As you’d expect from a CFO, it was a metric-heavy presentation from BSkyB’s (NYSE: BSY) Jeremy Darroch at the UBS Global Media & Communications conference in New York. After reviewing the company’s past quarter, Darroch got to the point: BSkyB is growing strong regardless of which metric you use.
Growth: Broadband and telephony has helped the company triple gross product sales in four years. BSkyB is the fastest growing UK broadband provider; major cost savings compared to Virgin Media. New customer typically costs £251, but ARPU is £411, so investing in new customers is a worthwhile investment. Pay TV operating margins are now 22 percent; this is expected to grow to the high 20s by 2010. Greater efficiencies can be achieved via lower churn rates and upselling customers and more services.
Online advertising: Broadband growth will find opportunities to online advertising. Darroch didn’t get into how the company plans to do that, though.
International opportunities: International acquisitions are possible, but for now, the company is mainly interested in UK expansion.
Subscriber management: #1 priority is improved customer service, which creates efficiencies via shorter customers calls.
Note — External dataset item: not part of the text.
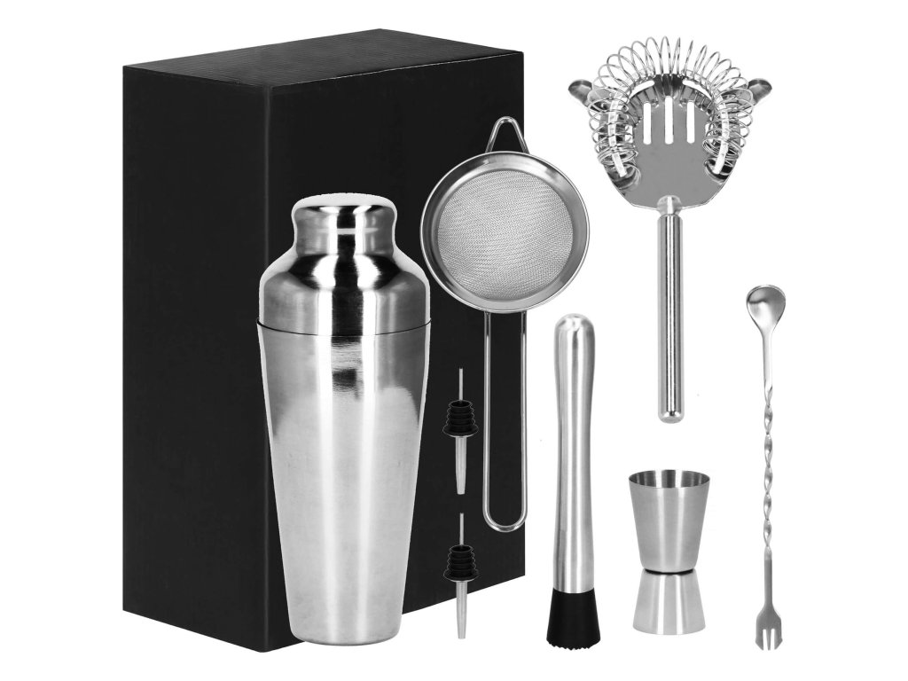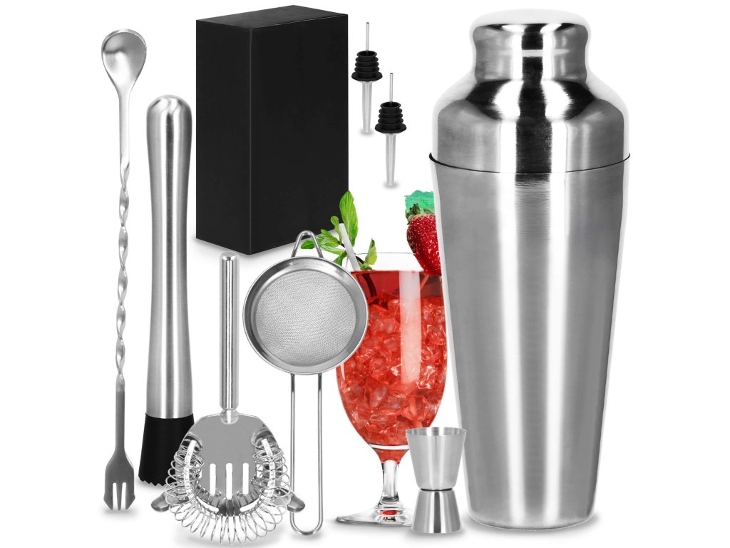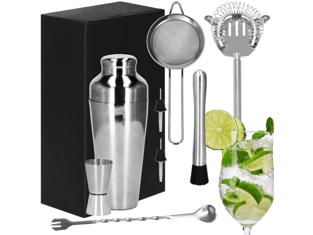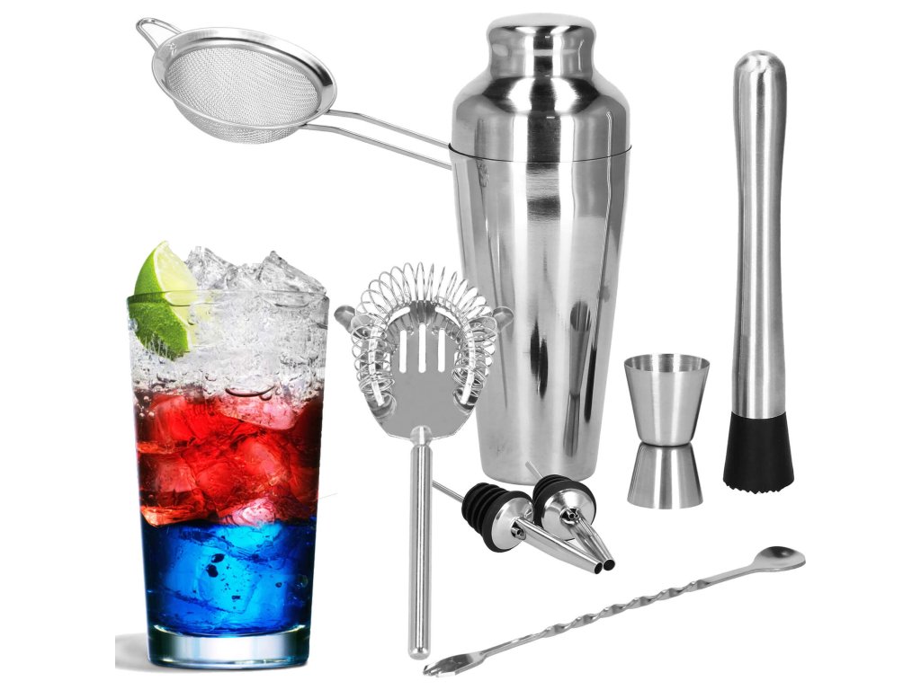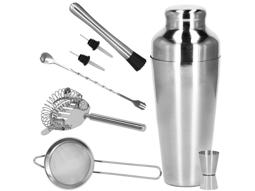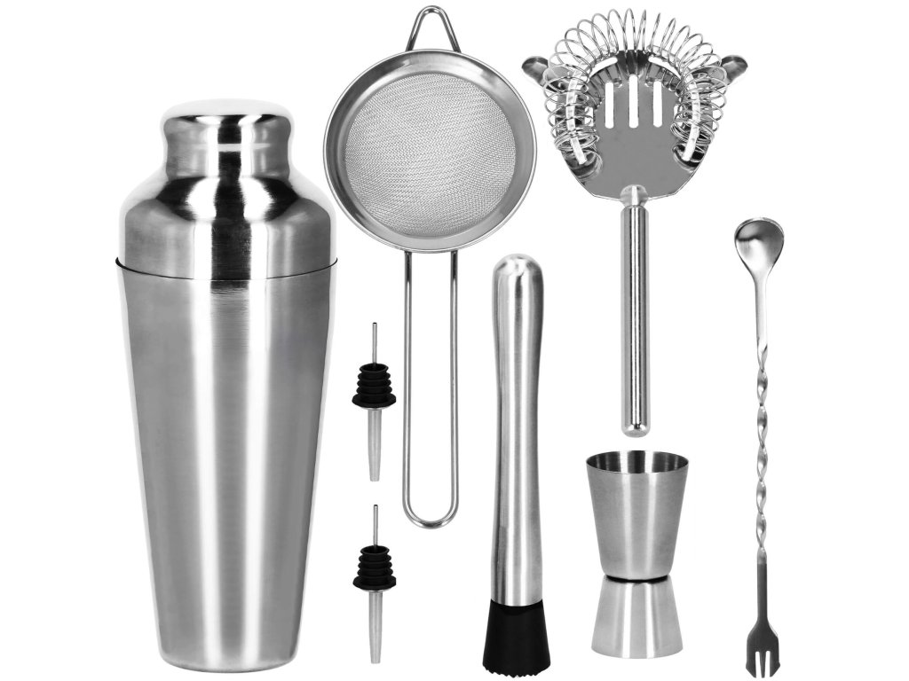 - 1 x shaker (trodelni) - višina: 21 cm / premer vsebnika: 8,5 cm / premer dna kozarca: 5,5 cm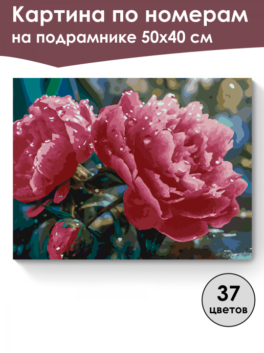 Картина по номерам на подрамнике, размер 50х40 см, произведена нами. Она включает 40 оттенков и 1837 контуров, что придаёт ей глубину цвета и плавные переходы. Картина выглядит более ярко и живо. В комплект входит глянцевый лак, которым можно покрыть работу по желанию. Краски имеют хорошую укрывистость, хватает двух проходов что бы закрасить символы на схеме. Так же они сохраняют текстуру мазков, не растекаясь и не разглаживаясь полностью на холсте. При покрытии глянцевым лаком создаётся эффект приближенный к масляной живописи. Краски упакованы герметично, что сохраняет их жидкими. Все необходимые инструменты для начала работы также включены в комплект, в том числе и крепления на стену. В картине используется крепкий подрамник со специальной вставкой, которая предотвращает провисание холста во время рисования. Это обеспечивает комфортный процесс работы и гарантирует, что холст всегда будет оставаться хорошо натянутым. Мы не используем экосольвентные чернила, которые содержат свинец и могут быть вредны для здоровья. Наши картины напечатаны безопасными водными пигментными чернилами, обеспечивающими чёткое изображение и легко читаемые обозначения. Холст плотный, имеет мелкую зернистость, легко разглаживается и устойчив к сминанию. Картина поставляется в защищённой бурой коробке. Два ярко-розовых цветка пионов с каплями воды на лепестках, которые создают иллюзию росы; фон размыт и содержит оттенки зелёного, синего и коричневого, создавая контраст и подчёркивая красоту цветов.

Churn: No reason churn couldn’t be reduced to single digits, from 10 percent where it is now. Certain things are unavoidable, like death and divorce. Company churn remains below industry average of over 11 percent.
Broadband penetration: Most of the new customers are not customers that didn’t have broadband, but rather customers coming from competitors. Subscribers are enthusiastic about cost savings.
Network performance: Company is able to remain competitive with Virgin Media (NSDQ: VMED) while spending less, because it’s all digital. Virgin still has a lot of analog, bandwidth-hogging customers. Company saves bandwidth because it has satellite side delivering HD and BSkyB. Customers are more interested in service than how it’s delivered.